The interpersonal principle of complementarity makes specific predictions regarding how interpersonal styles along the circumplex will interact. Specifically, it predicts that dominance will provoke submissiveness and vice versa. Each will provoke the opposing response. However, it predicts that warmth/friendliness and coldness/hate will each provoke the same (mirrored) response. For example, warm dominance would provoke warm submissiveness while cold dominance would provoke cold submissiveness.

A promising body of evidence suggests that the interpersonal styles along the circumplex are associated with specific personality disorders¹⁵–¹⁷. For example, narcissistic personality disorder shows its highest associations with dominant and dominant/warm traits such as intrusiveness, domineeringness, and vindictiveness. Based on the principle of complementarity, these should provoke submissiveness and warmth/submissiveness. In contrast, dependent personality disorder shows its highest associations with submissive and submissive/warm traits such as non-assertiveness, exploitability, and over nurturance. These should provoke dominance and vindictiveness.
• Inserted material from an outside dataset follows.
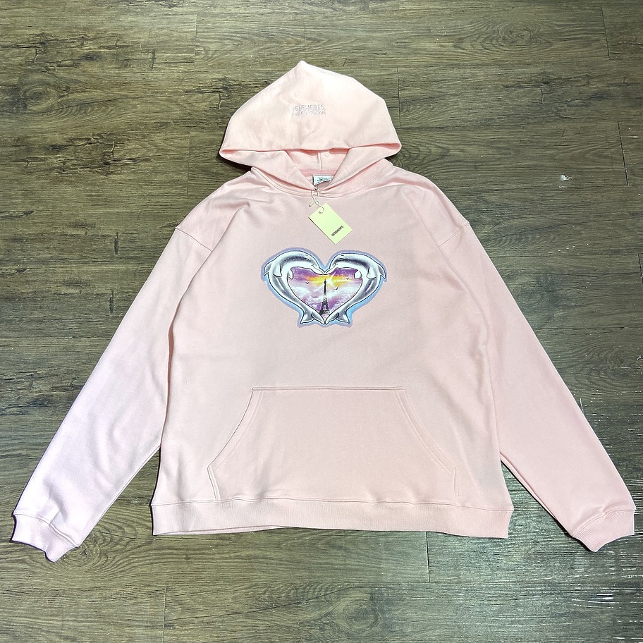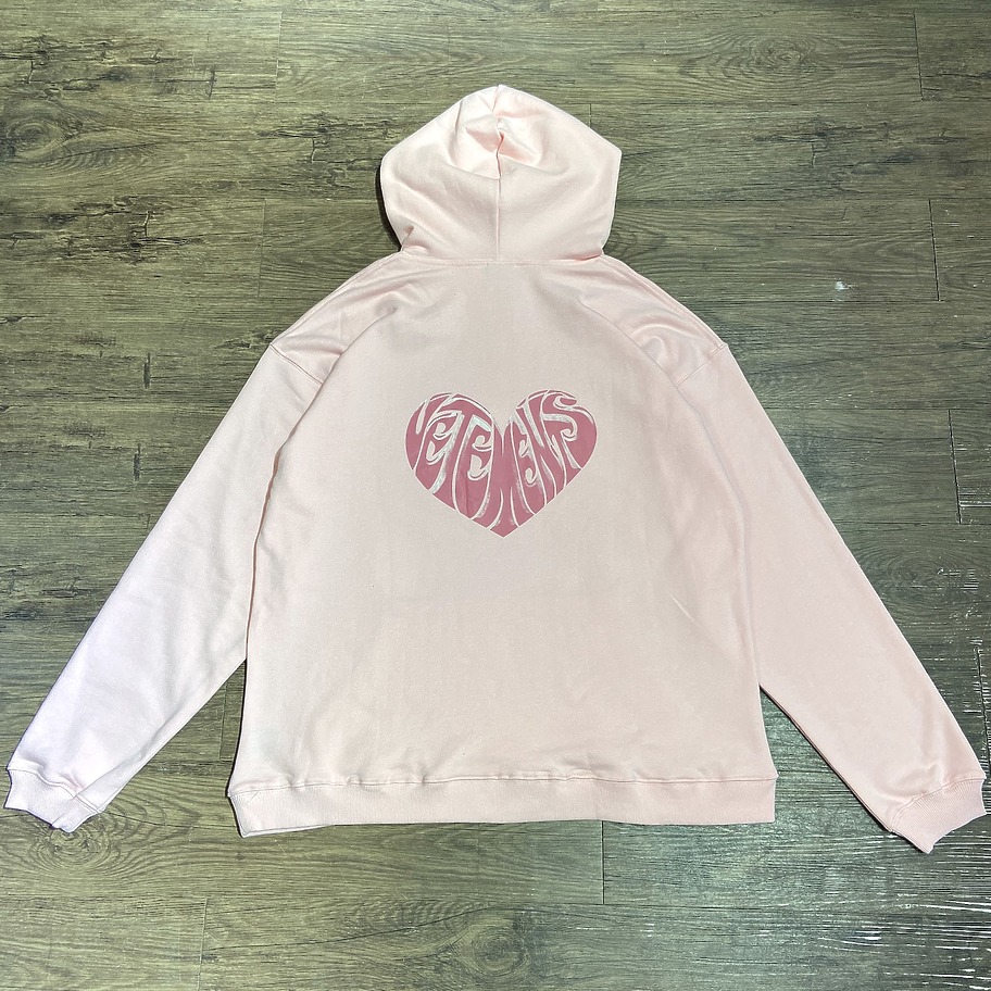 Светло-розовое худи от VETEMENTS WEAR с сердечками с двух сторон

Although these studies describe the interpersonal styles associated with personality disorders, they are based on self-report and/or expert judgment¹⁵,¹⁷,¹⁸. These findings have provided evidence for the interpersonal perspective, validated the measures used to describe interpersonal styles, and informed clinical assessments. However, they also raise the question: “Do those with personality disorders behave in accordance with self-reports and expert judgements?” The answer stands to greatly improve interpersonal formulations of personality pathology.

The integration of behavioral economics into the study of personality pathology has helped to answer this question. Economic games provide objective and clearly defined interpersonal interactions that are easily compared across studies. Furthermore, they are not susceptible to the biases and errors inherent in self-report and expert judgement.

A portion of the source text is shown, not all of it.